Keywords: Polymorphisms, T2DM, Chinese population, MicroRNA
Diabetes threatens to overwhelm the health-care system in China. In 2011, the prevalence of all types of diabetes in China rose to a staggering 11.6%. Type 2 diabetes mellitus (T2DM), which accounts for 85-95% of all diabetes cases, is characterized by complex traits and may result from both genetic and environmental factors.

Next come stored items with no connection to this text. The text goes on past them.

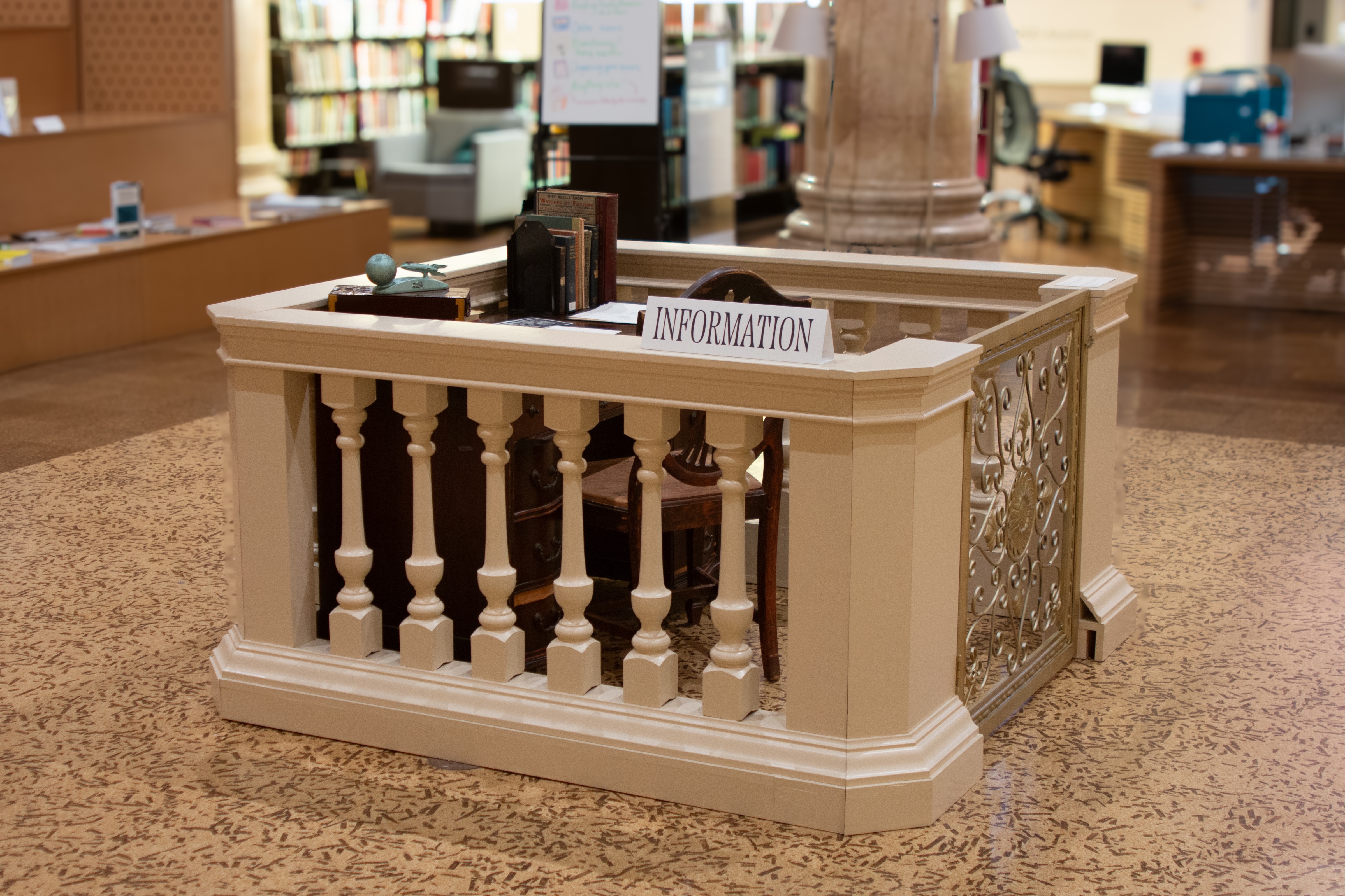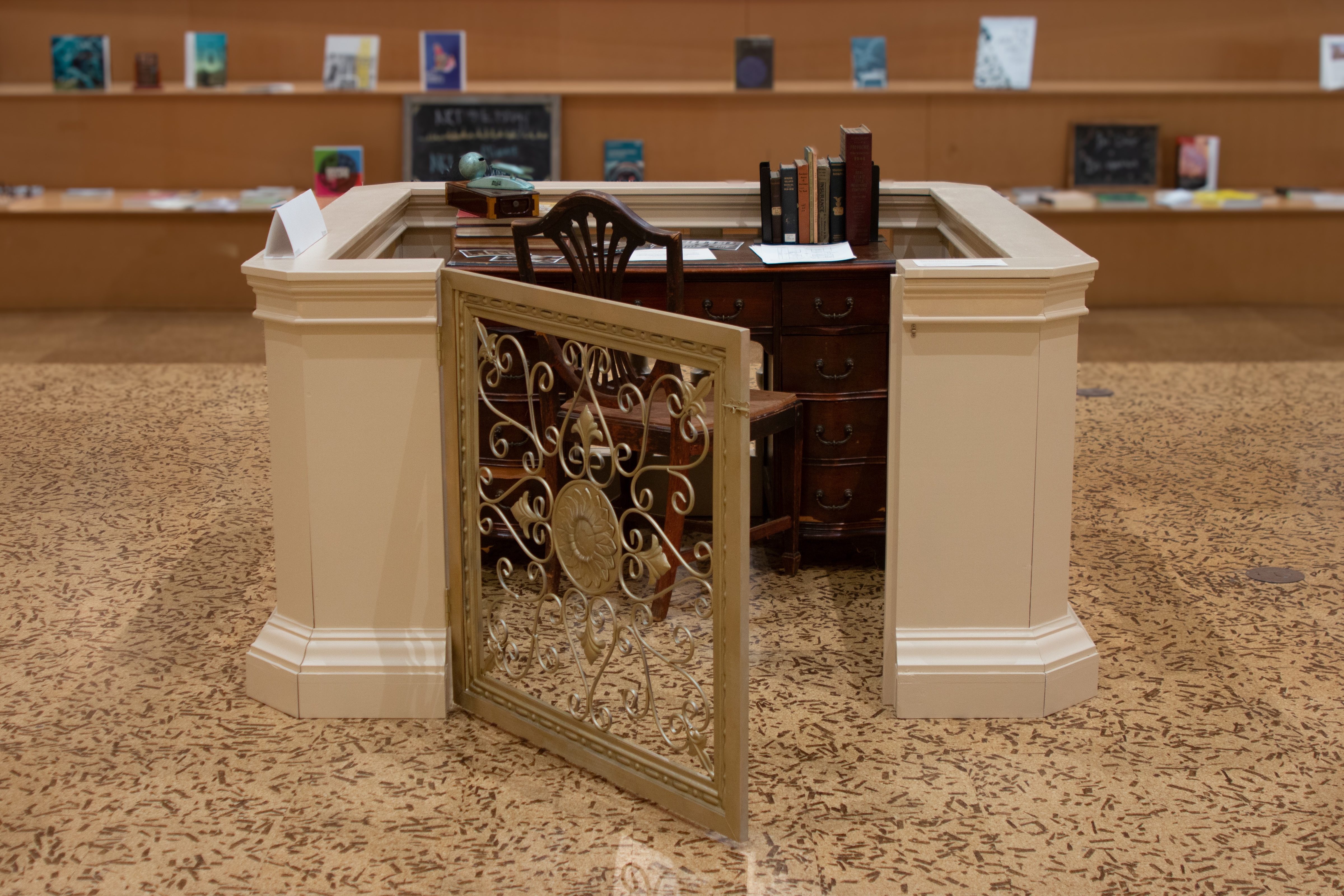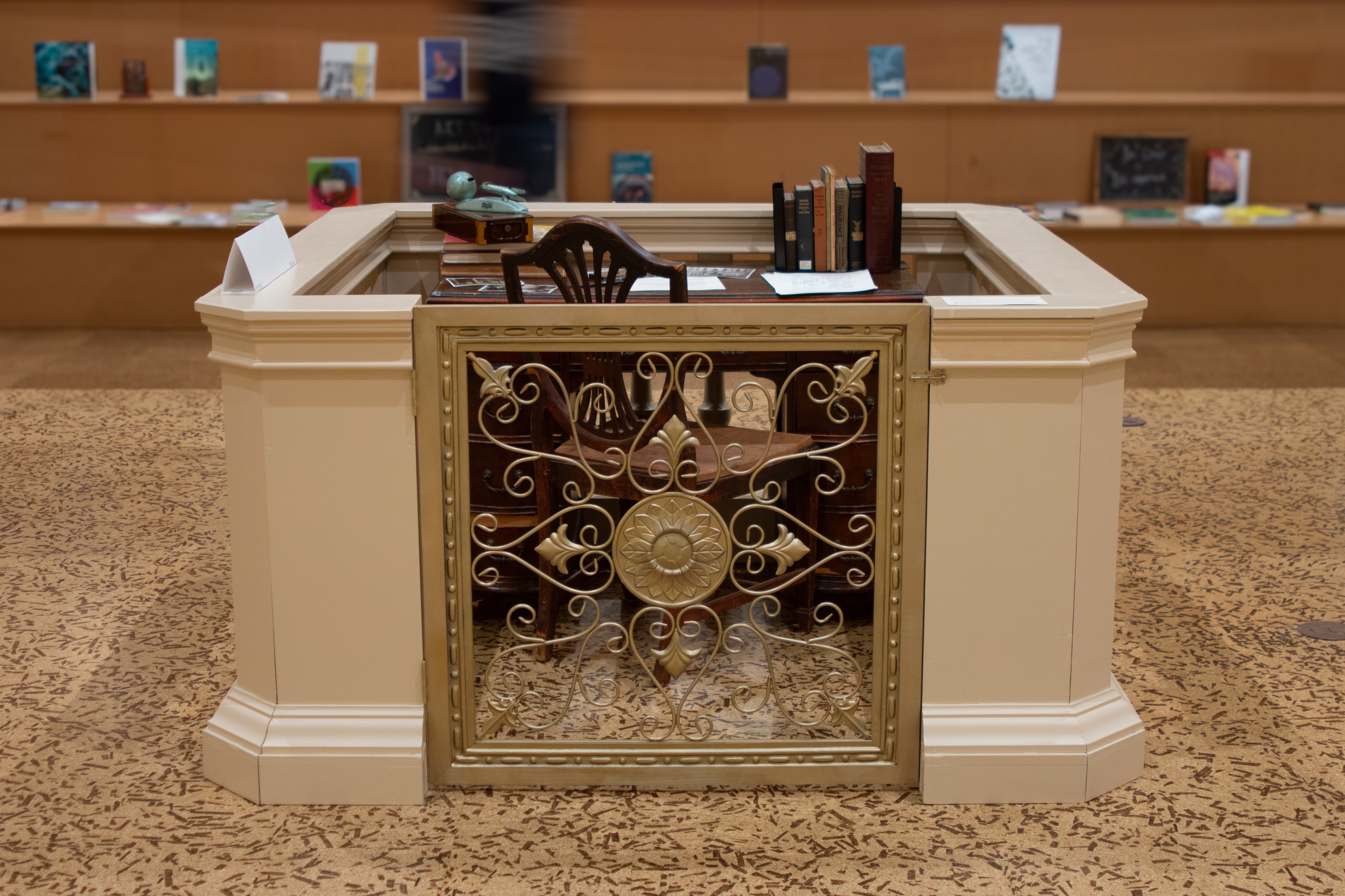 Ok, it’s not actually 1919, but I did actually recreate a 1919-era information desk, and there is actually a scavenger hunt! It’s short and fun and historically immersive, and you will, in fact, be entered into a raffle to win a real twentieth-century safe deposit box pulled straight from the 500-ton vault that still exists beneath RISD’s Fleet Library. As many know, the building at 15 West used to be a luminous bank. This project seeks to tangibly contextualize RISD’s spatial history within the larger history of Providence, and I hope you will take a moment to stop by and step into past. (The Library is open to Brown students with ID during open hours.) This work will be up through mid-February 2023.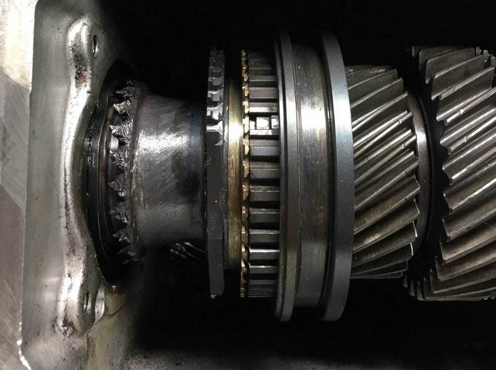 You need to have the output shaft nut off, the front bearing retainer plate in the bell housing off, then I usually grab the input shaft by the splines, punch it backwards to knock the output shaft bearings loose, then forward to knock the input shaft bearings loose. You also need to have the counter shaft bearings out so the shaft can sit down a bit. At this point the two sections of the main shaft should have come apart and you just gotta get the angle on the input shaft to pull it out the front.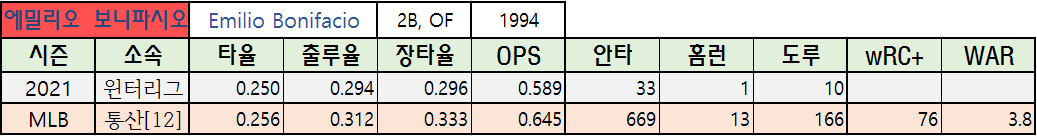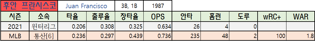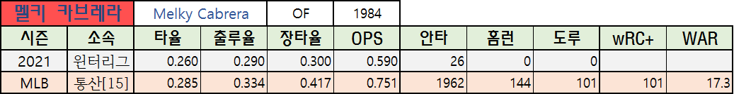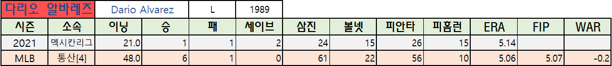 아래 빨간색의 줄은 메이저리그경력입니다. (파란색은 NPB) fWAR, bWAR의 평균값으로 작성하였습니다.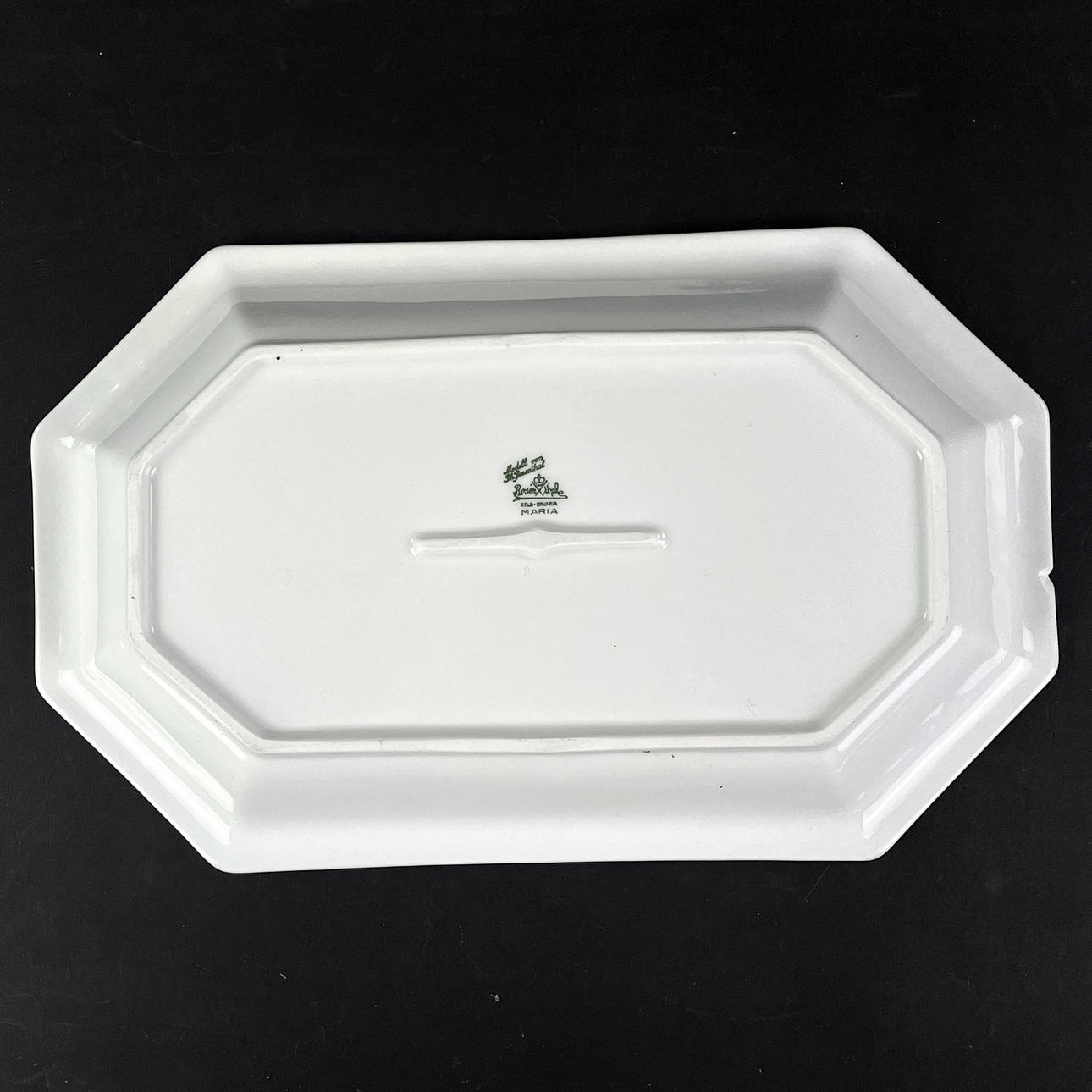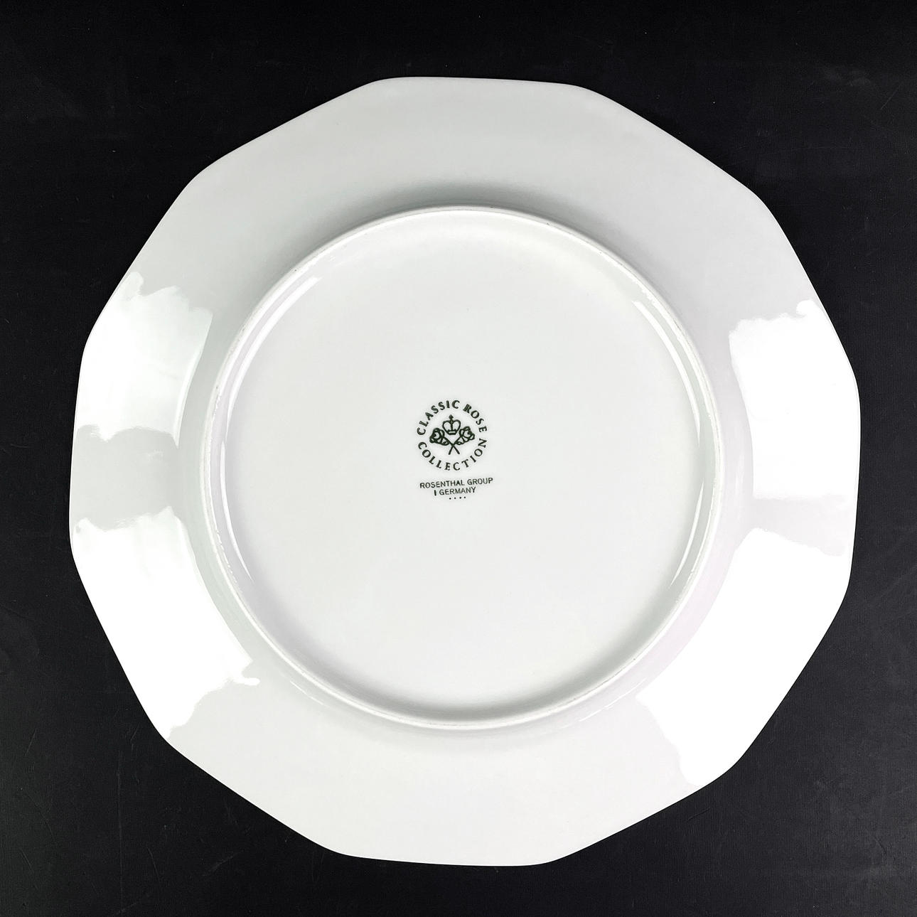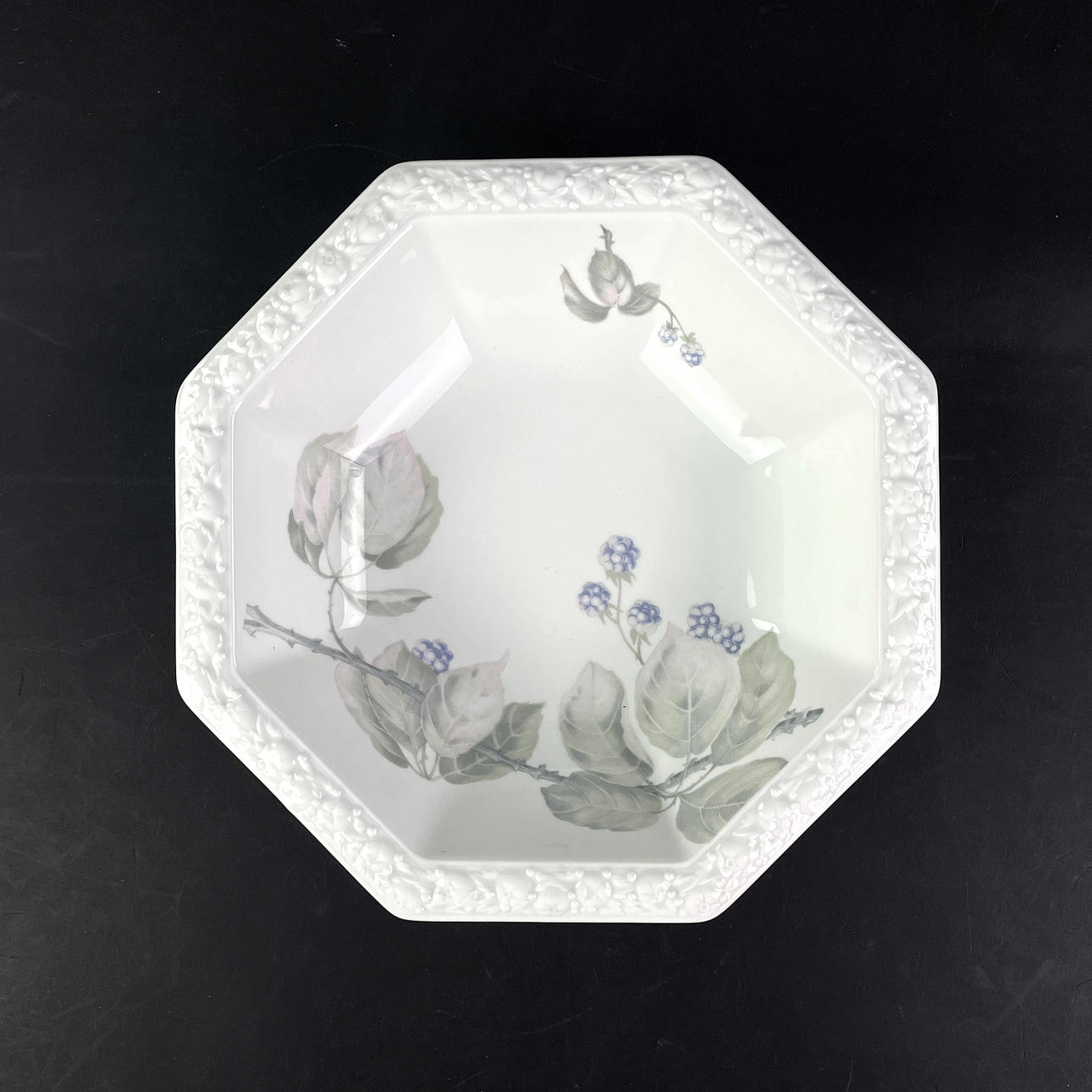 Normal wear and tear, minor cutlery scratches. Hair crack and mininag on a 22 cm plate. Bleached decor on a 20 cm plate. Serving dish 32,5 cm with notch.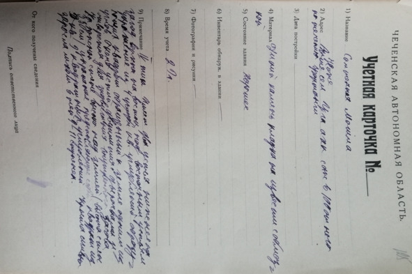 Долина р. Акки-хи, близ с. Амки. Башня красивой архитектуры, известная под именем Мозыр-Юрт, расположена на высоком скалистом утесе у входа в ущелье у устья бокового оврага. На противоположной стороне оврага – развалины башен, меньших размеров. Несколько ниже башни, ближе к берегу речки находится четырехугольный продолговатый склеп с глубокими нишами на наружных стенах.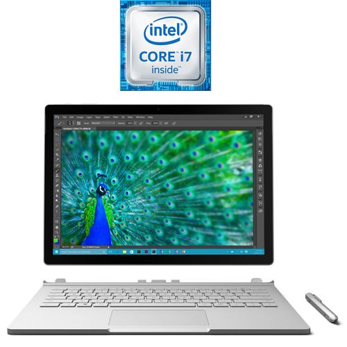 Surface BookUltra-thin, meticulously crafted, with incredible screen resolution. This is the ultimate laptop.The ultimate laptop.We all have greatness in us. And with the right tools, there are no limits. Be bold. Inspire. Do something special. Introducing the ultimate laptop, Surface Book. Ultimate versatility.Surface Book transforms into three different configurations, adapting to the way that you work and the places where you create.Powerful laptopThe first full laptop has arrived in the Surface family. Surface Book is a powerful laptop with a full sized, backlit keyboard for fast and natural typing. Portable clipboardThe 13.5\" PixelSense™ display detaches easily from the keyboard to become a thin, light tablet that works perfectly with OneNote and Surface Pen. Creative canvasTurn the screen around and reattach it to use Surface Book like a creative canvas. By reconnecting it to the keyboard, you unlock its full creative power in a pen first mode.Ultimate performance.Surface Book is built to be a creative workhorse. Combining a 6th Gen Intel® Core™ i5 or i7 processor with up to 16GB of memory and an optional discrete graphics chip.Graphic horsepowerWith an optional discrete graphics chip, Surface Book is built for even the most intensive creative tasks. Serious creativityUse the multi-touch PixelSense™ screen and Surface Pen to create with all the desktop software you already use, like Adobe® Photoshop® and Illustrator. Mobile studio Surface Book is the creative professional\'s laptop, designed to power through professional grade photo and video editing.Runs Windows & Office perfectly.The best Windows ever, with lots of new features you\'ll love. Like innovations in security, personalization, and productivity.Full OfficeSurface Book works perfectly with the full suite of Office products, driving your productivity to new heights. Markup webpagesWrite directly on webpages with Surface Pen in the all-new Microsoft Edge browser and share your notes easily. Limitless appsSurface Book has all the power you\'ll need for even the most demanding creative apps. Use Adobe® software with a pen or mouse. Meticulously crafted.Surface Book\'s one-of-a-kind hinge folds and detaches to transform from laptop, to clipboard mode, and then into a creative canvas.One click to CortanaClick and hold the top of Surface Pen to activate Cortana, your truly personal digital assistant.One click to OneNoteWith one click of Surface Pen, a blank OneNote page appears for quick notes.Rest your handWith Palm Block technology you can rest your hand on the screen to write naturally, just like a pad of paper.Detachable Keyboard.Surface Book uses Muscle Wire® to hold its screen in place securely, while still allowing it to detach perfectly with the push of a button.PixelSense™Our PixelSense™ is a true-to-life screen technology designed for beauty, touch and pen.Natural writing experience.Surface Pen combines 1024 levels of pressure sensitivity with low latency for a real pen on paper feeling.Surface Book in action.Thavius Beck brings Surface Book into his creative process to make his music. Use it like a clipboard.Grab your screen and go. Surface Book\'s screen detaches so you can take it anywhere.Ideas in action.Use it as an awesomely powerful laptop to bring your ideas to life.Creative powerhouse.See how Jordan Crane uses Surface and the power of full desktop software to perfect his illustrations.Technical Specifications:Processor6th Generation Intel® Core™ i7-6600U Processor, 2.6GHz (4M Cache, up to 3.4 GHz, # of Cores: 4)MemoryInstalled Memory: 16GB RAM LPDDR3 SDRAMDisplayScreen: 13.5” PixelSense™ DisplayResolution: 3000 x 2000 (267 PPI)Aspect ratio: 3:2Surface Pen enabledTouch: 10 point multi-touchGraphicsGraphics Processor: NVIDIA GeForce 940MGraphics Video RAM: 1 GB GDDR5 SDRAMStorageHard Drive: 512 GB Solid state drive (SSD)Inputs and Outputs2 x USB 3.0 Headphone/microphone combo jackMini DisplayPort2 x Surface ConnectMemory Card Reader (SD Card, SDHC Card, SDXC Card)CameraWindows Hello face sign-in camera8 Megapixel (rear), 5 Megapixel (front) HD camera (front-facing)Audio and SpeakersStereo speakers, two microphonesWireless/NetworkingWi-Fi: IEEE 802.11 a/b/g/n/ac compatibleBluetooth Wireless 4.0 technologySensorsAccelerometer, ambient light sensor, magnetometer, gyro sensor, hall sensorSoftwareOperating System: Windows 10 ProfessionalSecurityTPM chipEnterprise-grade protection with Windows Hello face sign-inExteriorExterior Casing: Magnesium alloyColor: SilverPhysical buttons: Volume, PowerBatteryBattery Life: Up to 12 hours of video playbackBodyDimensions: 12.3 in x 9.1 in x 0.9 inWeight: 3.47 lbs

Recently, genome-wide association studies have proven a considerable number of single nucleotide polymorphisms (SNPs) to be the basis of the genetic risk factors for T2DM, such as the SNPs in TCF7L2, PPARγ and KCNJ11[2-8]. However, these SNPs can only explain approximately 10% of the heritability of T2DM[9,10]. Until recently, few studies have focused on examining the factors involved in the regulation of gene transcription and translation, such as microRNA (miRNA or miR).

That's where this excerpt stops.